**Problem description:** Below are lines of data, and only some are wanted. Please repeat exactly those from the line that has "puxar o/a colega." through the line that has "Les portes drapeaux".

**Material shown:**
────────────────────
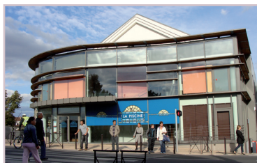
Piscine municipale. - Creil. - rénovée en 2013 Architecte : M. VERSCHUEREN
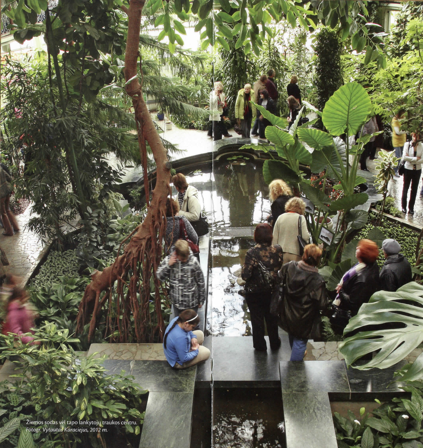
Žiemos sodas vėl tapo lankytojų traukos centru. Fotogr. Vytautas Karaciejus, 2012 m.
────────────────────
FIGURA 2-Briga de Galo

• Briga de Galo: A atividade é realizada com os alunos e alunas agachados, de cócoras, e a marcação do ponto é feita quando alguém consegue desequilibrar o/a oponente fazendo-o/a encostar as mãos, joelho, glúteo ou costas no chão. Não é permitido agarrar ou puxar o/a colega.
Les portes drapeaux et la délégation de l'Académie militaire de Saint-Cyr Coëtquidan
────────────────────
**Written response:**
• Briga de Galo: A atividade é realizada com os alunos e alunas agachados, de cócoras, e a marcação do ponto é feita quando alguém consegue desequilibrar o/a oponente fazendo-o/a encostar as mãos, joelho, glúteo ou costas no chão. Não é permitido agarrar ou puxar o/a colega.
Les portes drapeaux et la délégation de l'Académie militaire de Saint-Cyr Coëtquidan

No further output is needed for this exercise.